A muerte es difícil de manejar. Siempre. Pero más, quizás, en situaciones en que los esquemas de normalidad saltan por los aires. Cuando una persona cercana está a punto de morir, va de suyo que le puedan rodear sus familiares más cercanos. Es algo que resulta inherente y consustancial a nuestra cultura humanista y también un componente nuclear que se asocia a la mismísima dignidad humana de quien se va y del que se despide de aquel. Cómo se materializa en cada persona y familia puede variar en los detalles, pero no en su esencia. Y ese componente personalísimo y a la vez sustrato común de una particular cultura comunitaria tiene, por supuesto, su reflejo normativo. Más allá, sin embargo, de formulaciones jurídicas estrictas, podría afirmarse que la propia dignidad humana, como máximo valor del ordenamiento jurídico, informa un derecho fundamental a ser despedido (el enfermo) y despedirse (el acompañante) mediante una presencia cercana, directa, física en el momento final de la vida. ¿Qué puede haber más importante que ese trance final en la vida de cada persona, bien sea cuando morimos o bien sea cuando los que se mueren son a quienes más queremos?

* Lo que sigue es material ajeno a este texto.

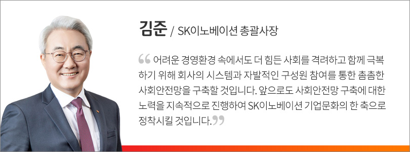SK이노베이션은 지속가능성과 진정성이라는 원칙으로 회사 시스템과 인프라를 활용해 다 방면의 사회안전망 구축을 위해 최선을 다할 것이다.
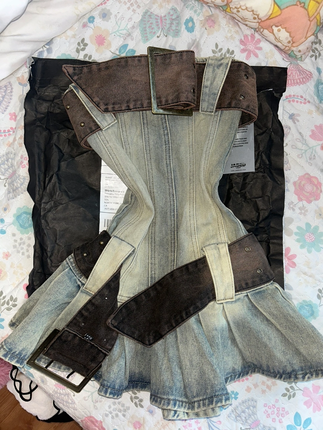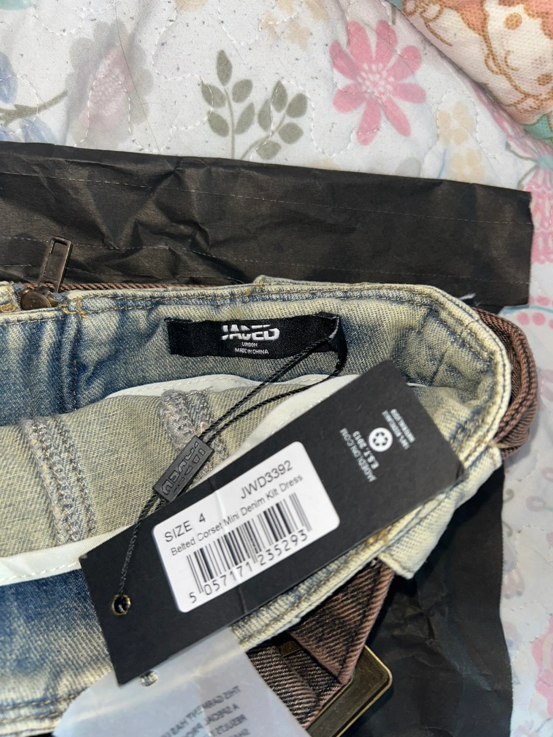 Selling a Brand New Jaded London belted corset mini denim dress in size 4. It's in great condition and ready for a new home! The unique design and denim material make it a standout piece.
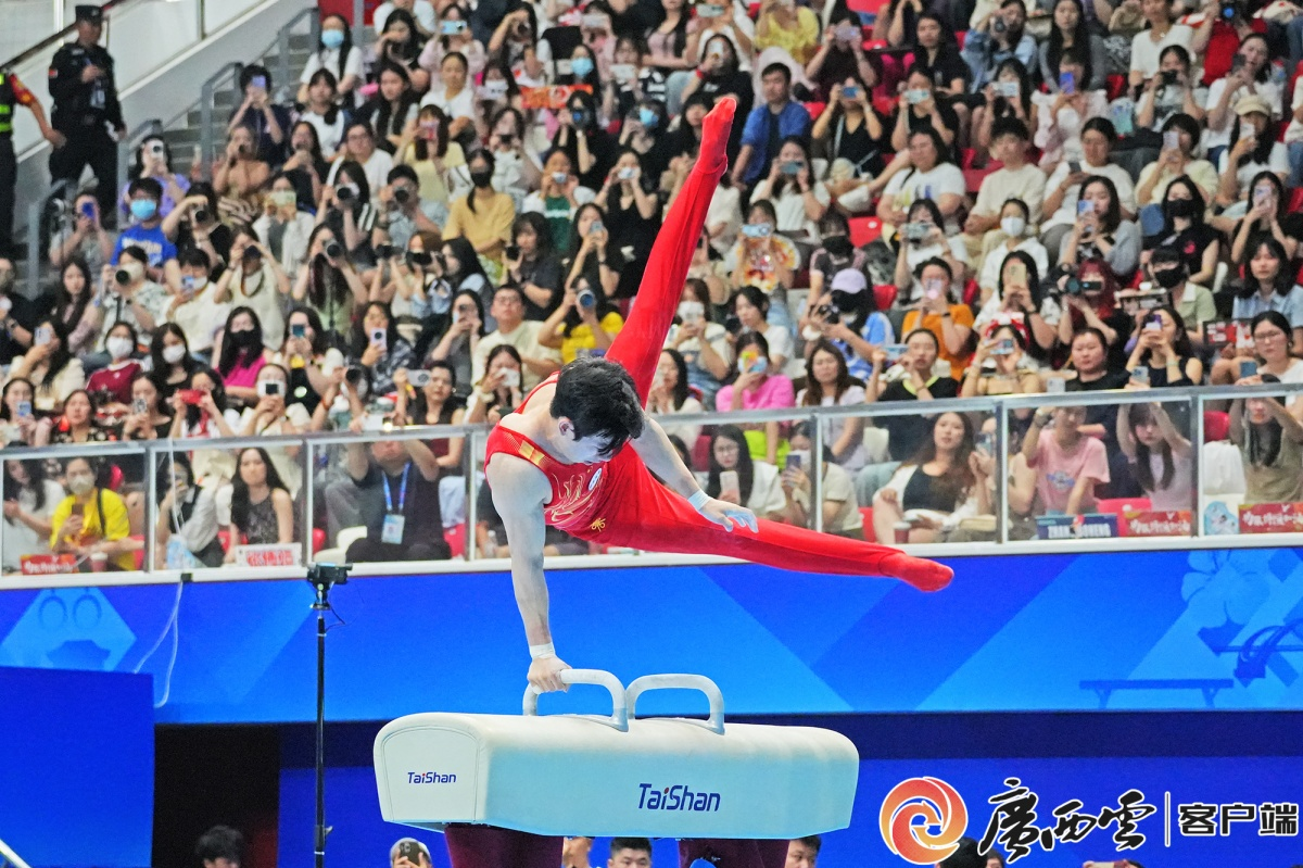 5月19日下午,正在南寧三塘體育比賽訓(xùn)練基地極限館進行的2025年全國體操錦標賽結(jié)束第五個比賽日爭奪,決出兩個項目名次。男子個人全能項目中,湖南選手張博恒、江蘇選手侍聰、廣西選手蘭星宇分別獲得金、銀、銅牌;男子鞍馬吊環(huán)雙杠全能項目則以江蘇老將尤浩勝出告一段落,廣西選手蘭星宇、湖南選手張博恒分列二、三名。
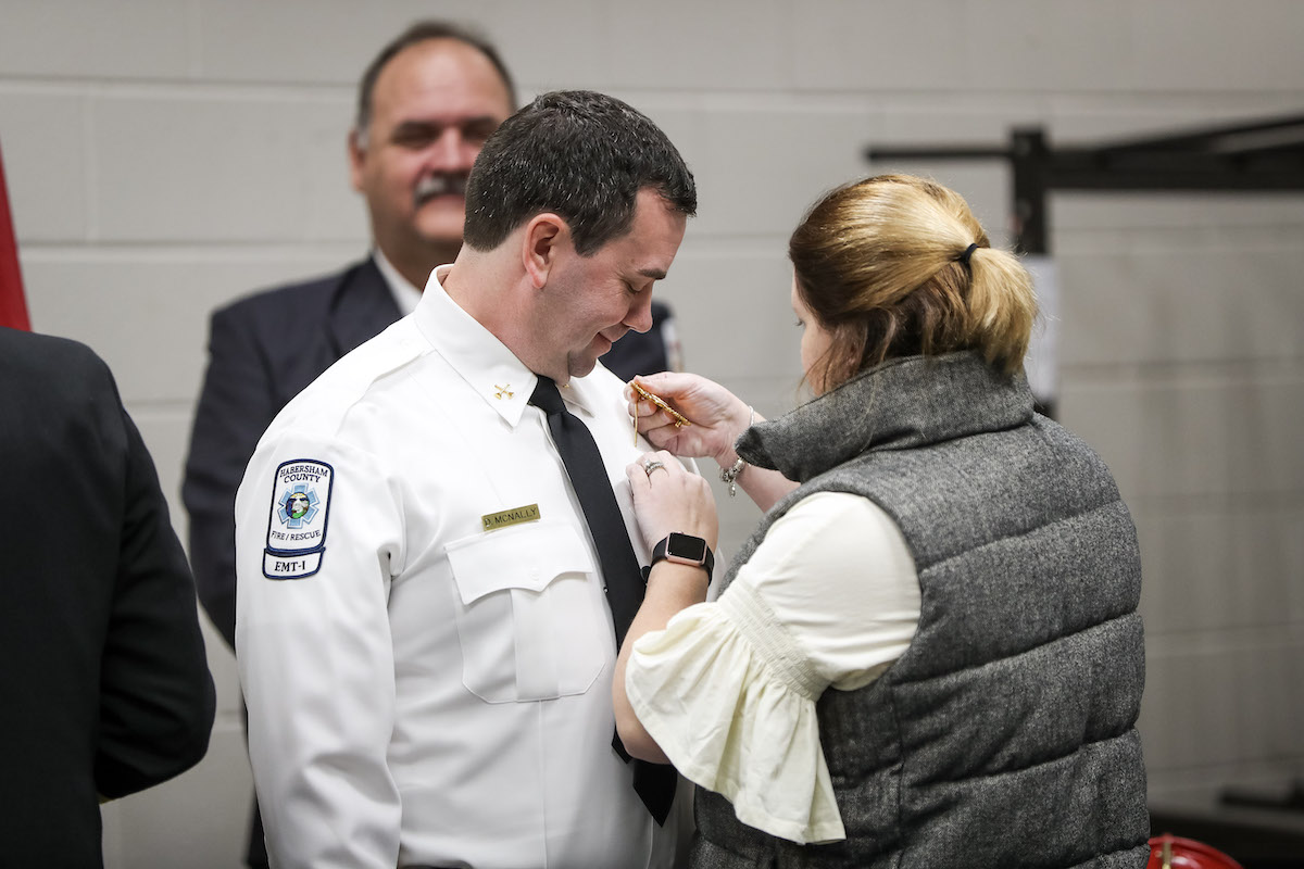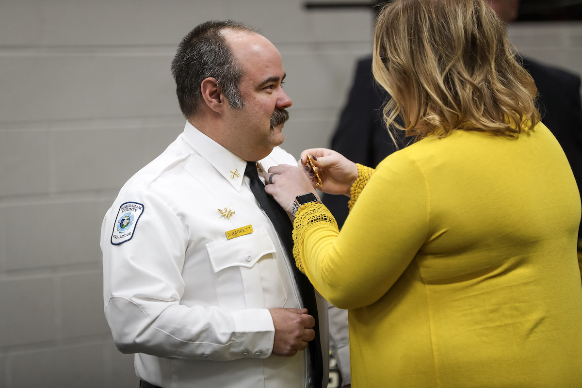 Black intends to make this type of public recognition for county public safety personnel standard. The department will hold future badge pinning ceremonies when staff members are hired and promoted.
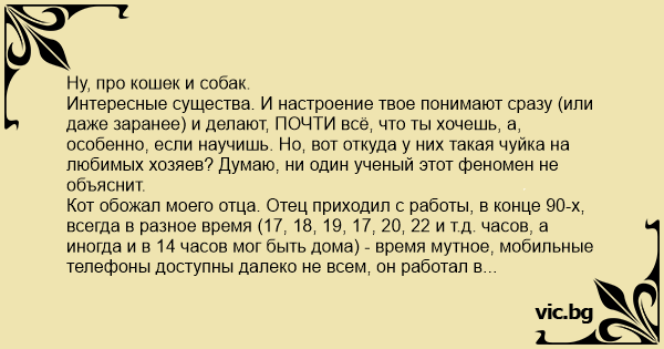 Прошло время. Кота уже давно нет;( Живу с женой "в частном доме". В доме есть и собаки, и кошки. Долго не мог понять, откуда жена знает, что я минут через 5-10 должен подъехать на машине домой (не важно сколько сейчас на часах - хоть 11 или 16, или 22). Рабочий день у меня не нормированный. Я не звоню и не предупреждаю, что приеду. Просто она знает, что сегодня я буду дома. Потом она рассказала, что животные как-то странно себя начинают вести, просто так, на пустом месте. Ломятся на улицу, скулят. В общем, поведение не совсем адекватное. Ладно бы, кто-то стучал в калитку или, допустим, я позвонил, а животные услышали мой голос и поняли, что я подъезжаю (согласен, бред), а тут просто на пустом месте. Ну, а минут через 10 или 15 ты приезжаешь. Вот, говорит, я и стала звонить тебе и напоминать что надо купить по дороге, куда заехать в нашей деревне, ну и т.д.
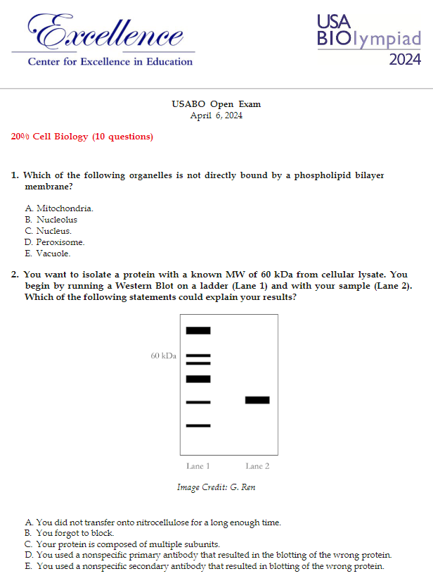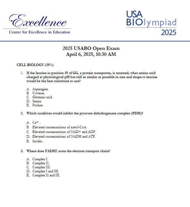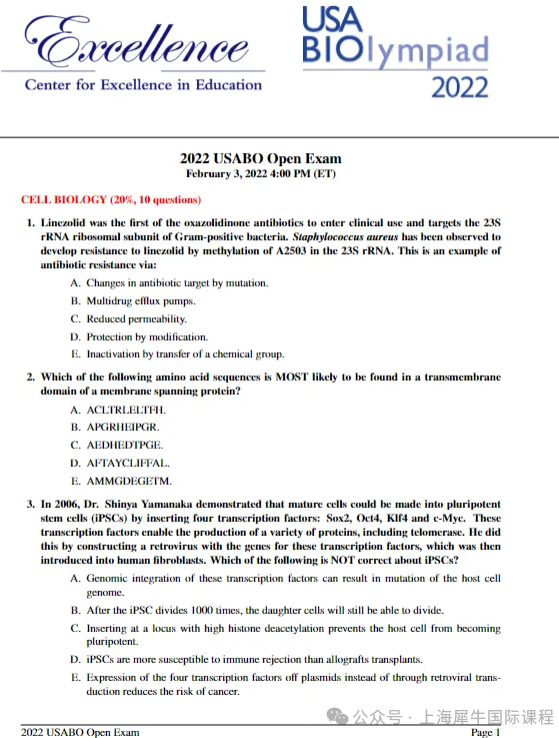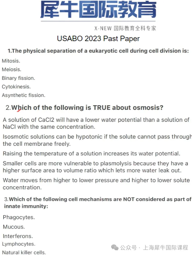 USABO采用个人笔试形式进行考核,无实验操作环节

Por supuesto, existen circunstancias en que dicho derecho no puede materializarse. Un accidente fatal, un empeoramiento de la salud inesperado y repentino, imprevisible; quizás hasta una decisión personalísima de alguien que por razones ideológicas, religiosas, filosóficas o de otra índole desearía morir en soledad€ Pero en aquellos casos en que la muerte es algo previsible, dadas las circunstancias de cierta gravedad de la situación vital, debe incorporarse -está incorporado- a los protocolos de atención médica el evitar morir en soledad. Resulta evidente. Es de pura lógica y humanidad. Por eso es también un derecho. Y del máximo rango.

La crisis del covid-19, sin embargo, nos ha cogido a todas y todos desprevenidos. La rapidez de la situación, su gravedad, no fue prevista ni calibrada por nadie, por más que algunos ahora "ya lo vieran venir" (¡una vez visto todos listos!). Sus efectos e impacto directo en el sistema sanitario nos desbordó y fue muy similar a lo que puede ser una subida brusca e imprevisible de la marea, que va anegando todo lo que encuentra a su paso, sin que quepa otra reacción que huir hacia atrás por el empuje del agua.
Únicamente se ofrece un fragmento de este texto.